Manage NeMo Guardrails Access to Models#

A NeMo Guardrails configuration uses models as the main, or application, model that an end user uses for chat and chat-like interactions. For example:

{
  "type": "main",
  "engine": "nim",
  "model": "meta/llama-3.1-8b-instruct"
}

The configuration can also specify task-specific models such as the content safety model provided by the Llama 3.1 NemoGuard 8B ContentSafety NIM microservice. For example:

{
  "type": "content_safety",
  "engine": "nim",
  "model": "meta/llama-3.1-nemoguard-8b-content-safety"
}

Configure Access to Main Model#

How you configure access to the main model depends on the value of the NIM_ENDPOINT_URL environment variable. The value of the environment variable typically depends on how you install the NeMo Guardrails microservice. The following table summarizes the different processes.

NIM_ENDPOINT_URL Value

Guardrails Installation

Management Process

http://nemo-nim-proxy:8000/v1

Installed as part of the NeMo microservices platform.

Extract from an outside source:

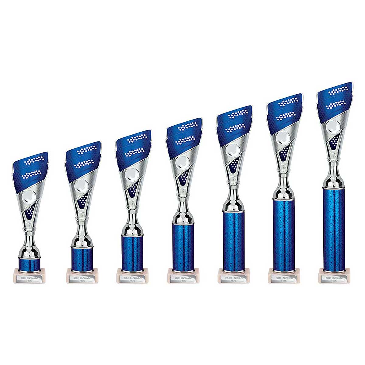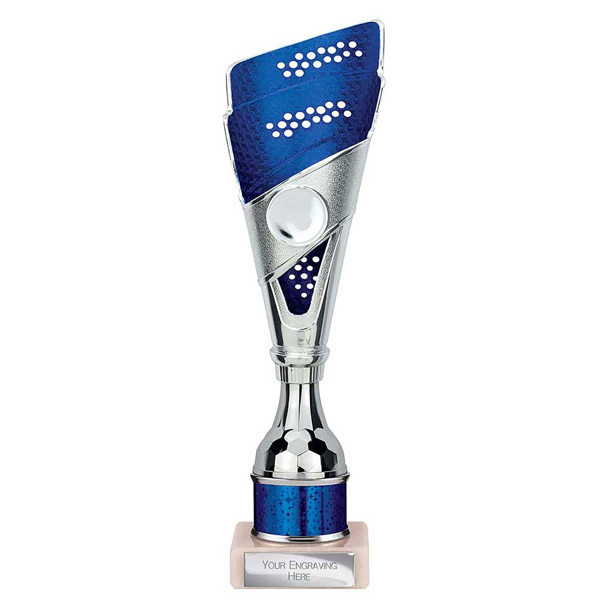 Blue and silver Predator multisport trophy 260mm high Detailed plastic cone design with glitter column & stone base Engraving plate and club badge can be applied to the front

The NIM_ENDPOINT_URL environment is set to NVIDIA NeMo NIM Proxy in the NeMo Microservices Helm Chart.

Add and remove access to models by using NeMo Deployment Management to deploy and undeploy NIM for LLMs. The management microservice registers and deregisters each model with NIM Proxy.

After a model is registered with the proxy, you can specify the model name in a guardrail configuration.

https://integrate.api.nvidia.com/v1

Installed individually.

The NVIDIA API Catalog URL is the default value for the microservice and typically indicates the microservice runs as a Docker container or is installed in Kubernetes using the individual service Helm chart.

Configure Access to Task-Specific Models#

By default, task-specific models will use https://integrate.api.nvidia.com/v1. You can override this by setting parameters.base_url in your configuration. For example, if you’ve installed the NeMo microservices platform Helm chart and deployed the meta/llama-3.1-nemoguard-8b-content-safety model locally:

{
  "type": "content_safety",
  "engine": "nim",
  "model": "meta/llama-3.1-nemoguard-8b-content-safety",
  "parameters": {
    "base_url": "http://nemo-nim-proxy:8000/v1"
  }
}

Common Actions#

You can send a GET request to the /v1/guardrail/models and /v1/guardrail/models/{model-id} endpoints regardless of how the microservice is installed. This endpoint fetches models from NIM_ENDPOINT_URL.

To List All Models#

Choose one of the following options of listing all models.

Python SDK

Set up a NeMoMicroservices client instance using the base URL of the NeMo Guardrails microservice and perform the task as follows.

import os
from nemo_microservices import NeMoMicroservices

client = NeMoMicroservices(
    base_url=os.environ["GUARDRAILS_BASE_URL"],
    inference_base_url=os.environ["NIM_BASE_URL"]
)

response = client.guardrail.models.list()
print(response)

cURL

Make a GET request to the /v1/guardrail/models endpoint.

curl -X GET "${GUARDRAILS_BASE_URL}/v1/guardrail/models" \
  -H 'Accept: application/json' | jq

To Get Details of a Model#

Choose one of the following options of getting the details of a model.

Python SDK

Set up a NeMoMicroservices client instance using the base URL of the NeMo Guardrails microservice and perform the task as follows.

import os
from nemo_microservices import NeMoMicroservices

client = NeMoMicroservices(
    base_url=os.environ["GUARDRAILS_BASE_URL"],
    inference_base_url=os.environ["NIM_BASE_URL"]
)

response = client.guardrail.models.retrieve(model_name="meta/llama-3.1-8b-instruct")
print(response)

cURL

Make a GET request to the /v1/guardrail/models/{model-id} endpoint.

curl -X GET "${GUARDRAILS_BASE_URL}/v1/guardrail/models/meta-llama-3.3-70b-instruct" \
  -H 'Accept: application/json' | jq

Using Models With Guardrails#

All main models use NIM_ENDPOINT_URL for inference, so the model must be accessible from that endpoint. You can make a GET request to the {NIM_ENDPOINT_URL}/v1/models endpoint to see the list of models available through the endpoint.

If your NIM_ENDPOINT_URL points to NIM Proxy, refer to the Deploy NVIDIA NIM tutorial to deploy a new model. If you’d like to use a model hosted at an external endpoint (like OpenAI), you can use NeMo Deployment Management to create a custom deployment configuration; see Deployment with Pre-defined Configurations. This way, you can use the same NIM_ENDPOINT_URL to access external models.